(TRY IT):
Pictures stay out; everything else in the entries below is to be duplicated exactly.

(DATA EXCERPTS):
==================================================
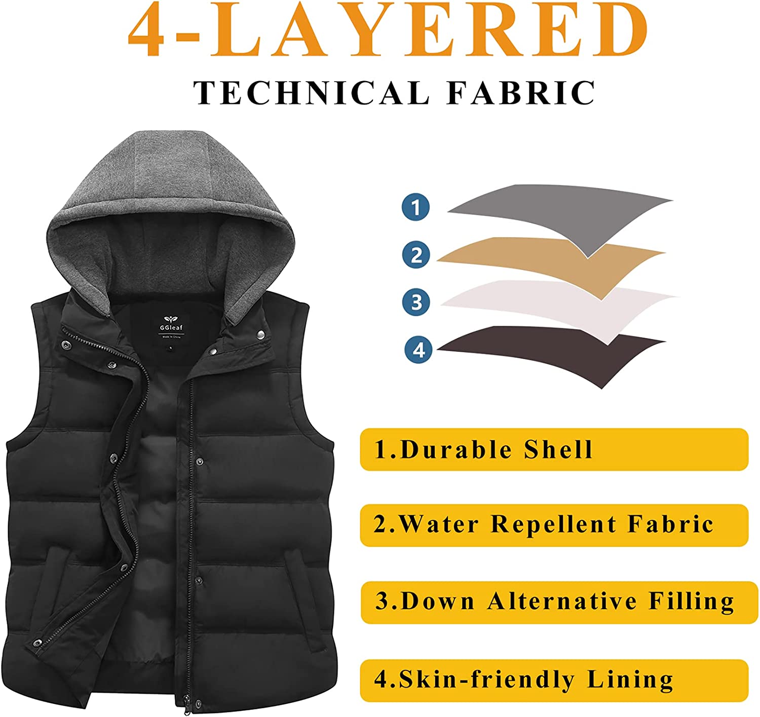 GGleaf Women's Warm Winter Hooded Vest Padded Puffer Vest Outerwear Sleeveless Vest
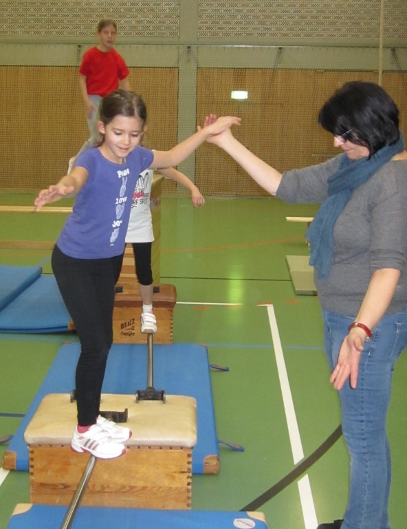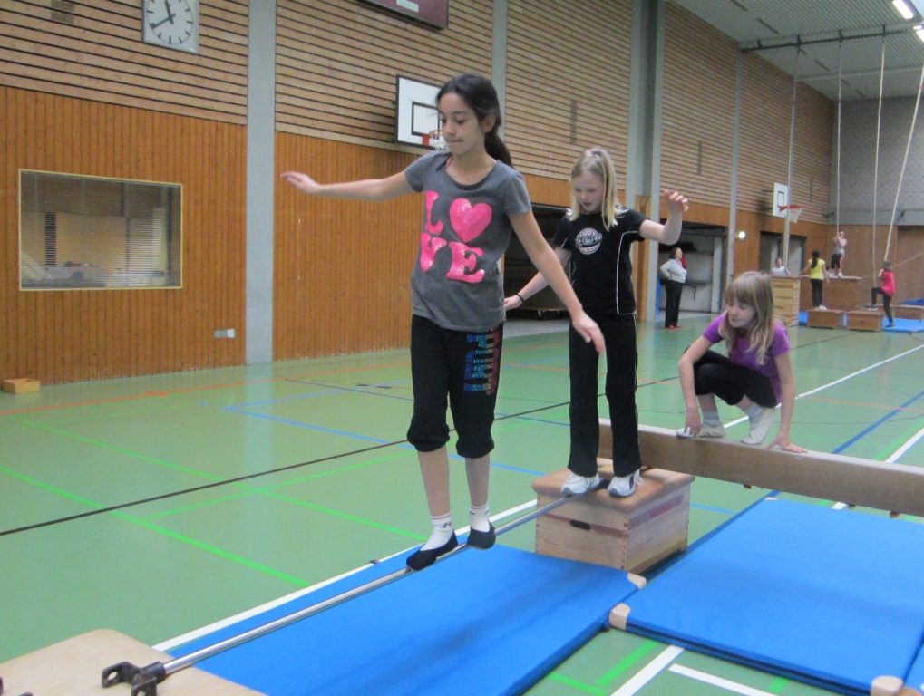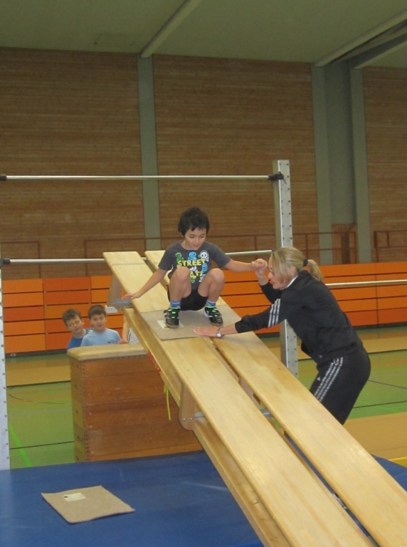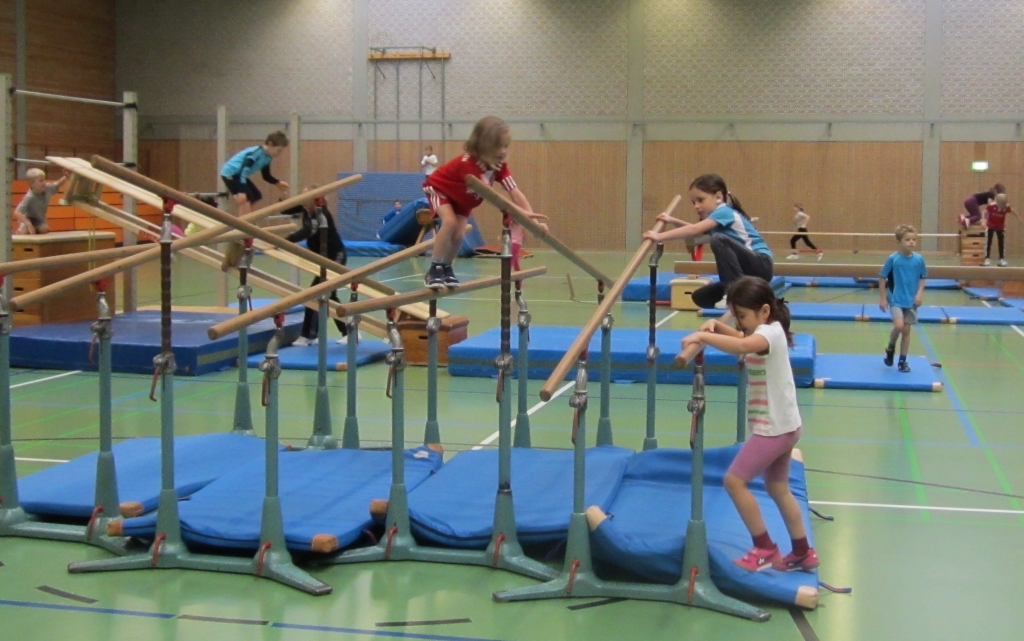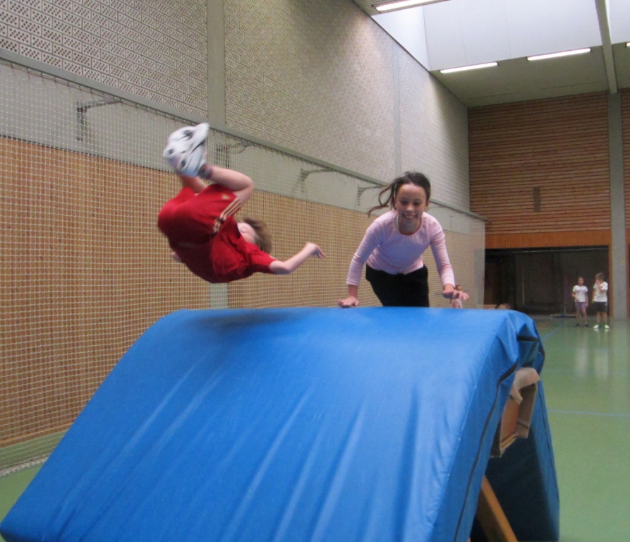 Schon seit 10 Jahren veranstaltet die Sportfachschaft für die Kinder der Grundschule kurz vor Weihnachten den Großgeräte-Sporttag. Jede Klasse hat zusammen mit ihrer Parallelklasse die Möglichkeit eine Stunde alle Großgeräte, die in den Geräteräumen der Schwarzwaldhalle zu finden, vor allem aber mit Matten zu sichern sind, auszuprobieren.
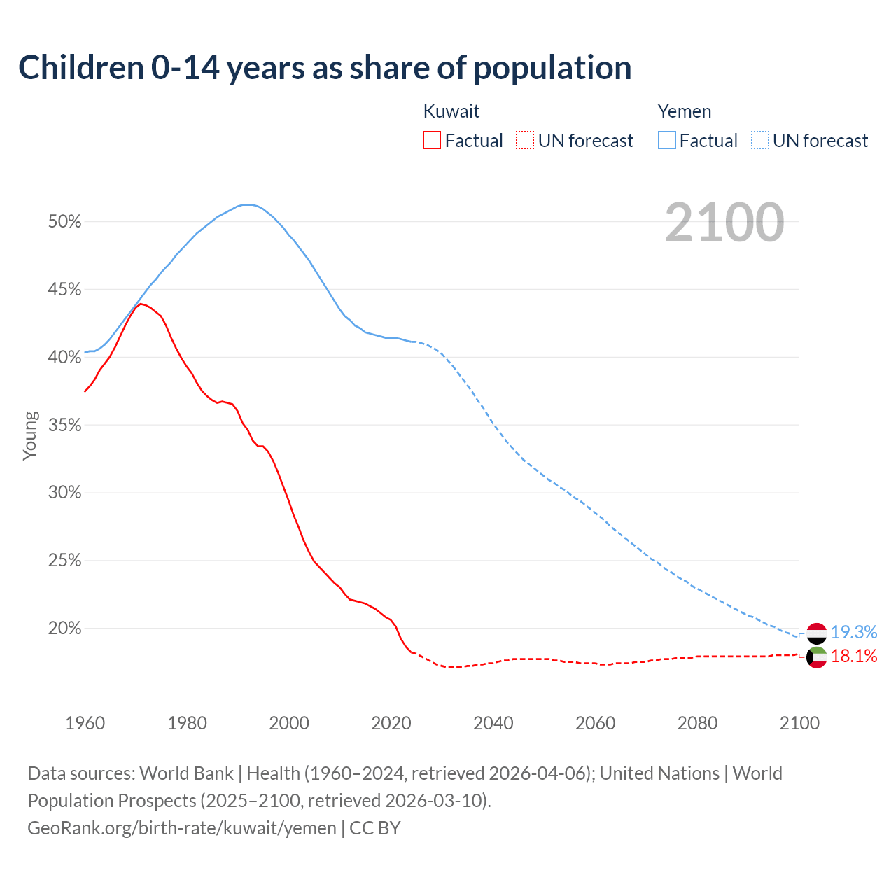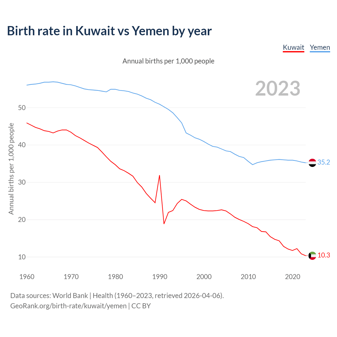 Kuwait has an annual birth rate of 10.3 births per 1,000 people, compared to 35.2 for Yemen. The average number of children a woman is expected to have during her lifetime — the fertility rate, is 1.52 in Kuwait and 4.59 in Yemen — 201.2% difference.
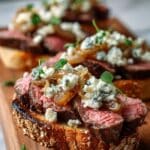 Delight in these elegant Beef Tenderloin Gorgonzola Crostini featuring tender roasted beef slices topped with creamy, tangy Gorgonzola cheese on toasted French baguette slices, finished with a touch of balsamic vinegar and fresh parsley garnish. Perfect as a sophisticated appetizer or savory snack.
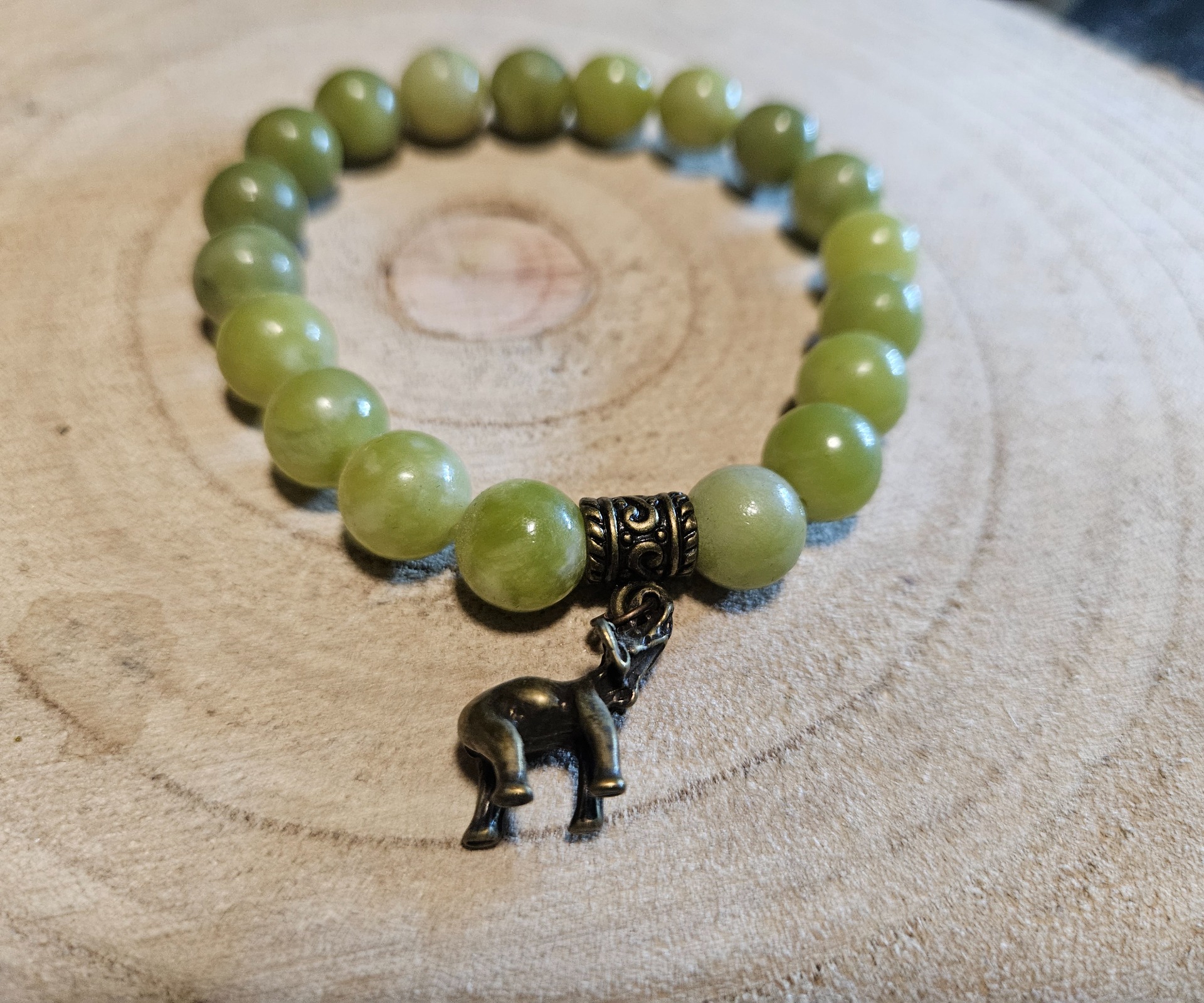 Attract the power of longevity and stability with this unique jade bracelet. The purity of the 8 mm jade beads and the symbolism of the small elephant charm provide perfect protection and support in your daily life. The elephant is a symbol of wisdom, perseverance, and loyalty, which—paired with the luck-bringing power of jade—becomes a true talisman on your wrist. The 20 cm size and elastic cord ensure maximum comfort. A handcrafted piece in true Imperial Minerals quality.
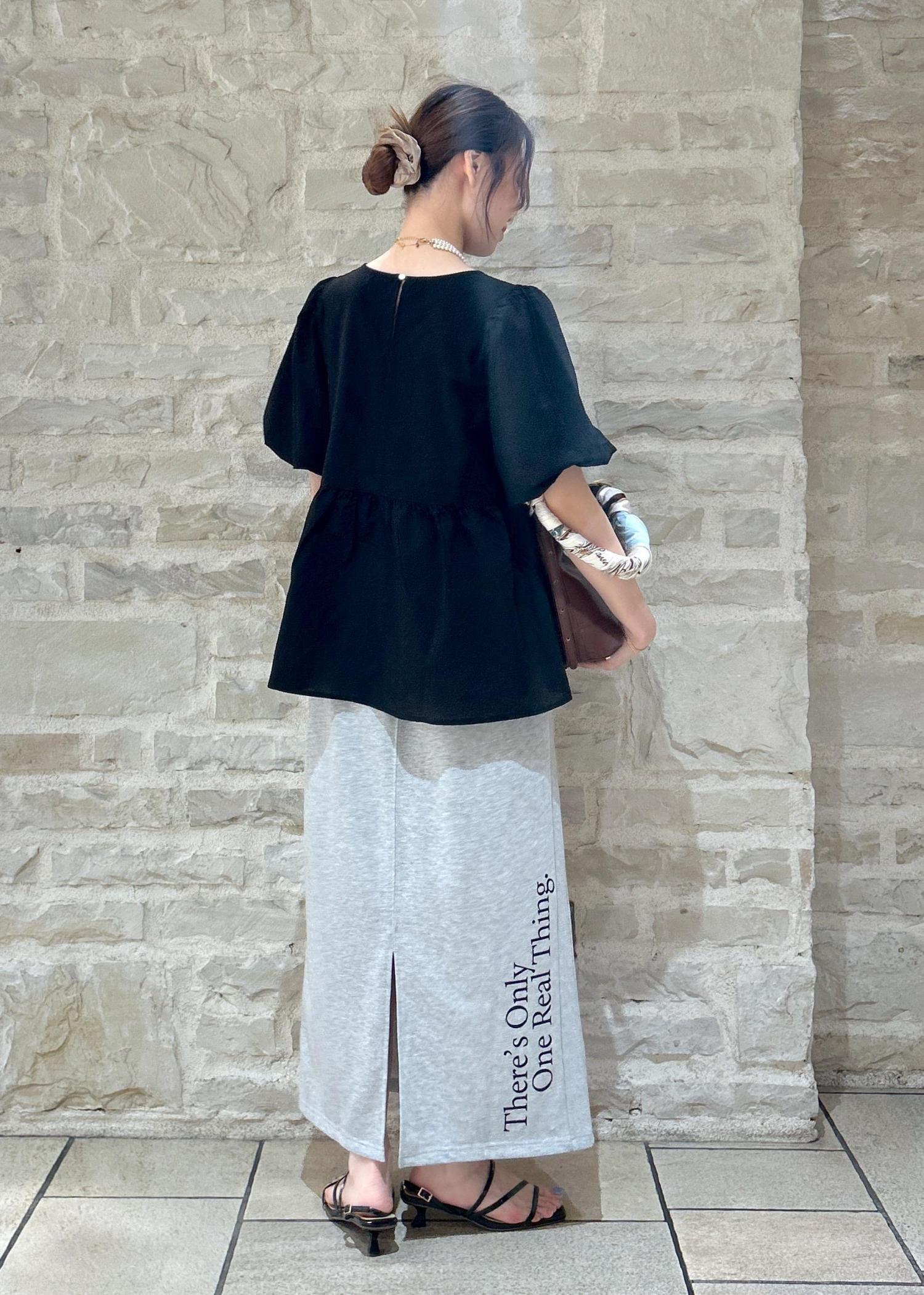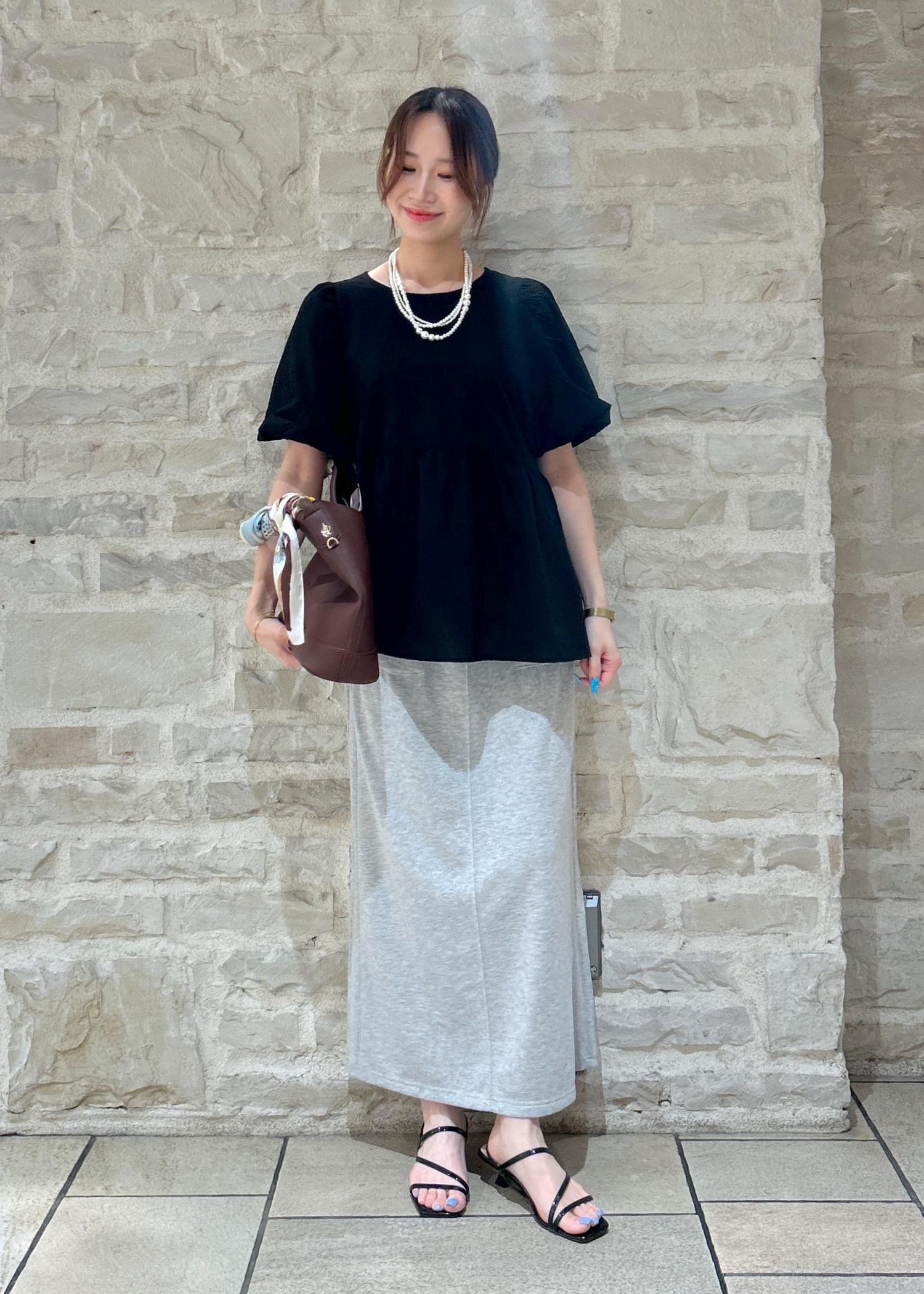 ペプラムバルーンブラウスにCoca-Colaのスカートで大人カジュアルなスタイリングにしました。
==================================================
(OUTPUT FOR THIS EXERCISE):
 GGleaf Women's Warm Winter Hooded Vest Padded Puffer Vest Outerwear Sleeveless Vest
 Schon seit 10 Jahren veranstaltet die Sportfachschaft für die Kinder der Grundschule kurz vor Weihnachten den Großgeräte-Sporttag. Jede Klasse hat zusammen mit ihrer Parallelklasse die Möglichkeit eine Stunde alle Großgeräte, die in den Geräteräumen der Schwarzwaldhalle zu finden, vor allem aber mit Matten zu sichern sind, auszuprobieren.
 Kuwait has an annual birth rate of 10.3 births per 1,000 people, compared to 35.2 for Yemen. The average number of children a woman is expected to have during her lifetime — the fertility rate, is 1.52 in Kuwait and 4.59 in Yemen — 201.2% difference.
 Delight in these elegant Beef Tenderloin Gorgonzola Crostini featuring tender roasted beef slices topped with creamy, tangy Gorgonzola cheese on toasted French baguette slices, finished with a touch of balsamic vinegar and fresh parsley garnish. Perfect as a sophisticated appetizer or savory snack.
 Attract the power of longevity and stability with this unique jade bracelet. The purity of the 8 mm jade beads and the symbolism of the small elephant charm provide perfect protection and support in your daily life. The elephant is a symbol of wisdom, perseverance, and loyalty, which—paired with the luck-bringing power of jade—becomes a true talisman on your wrist. The 20 cm size and elastic cord ensure maximum comfort. A handcrafted piece in true Imperial Minerals quality.
 ペプラムバルーンブラウスにCoca-Colaのスカートで大人カジュアルなスタイリングにしました。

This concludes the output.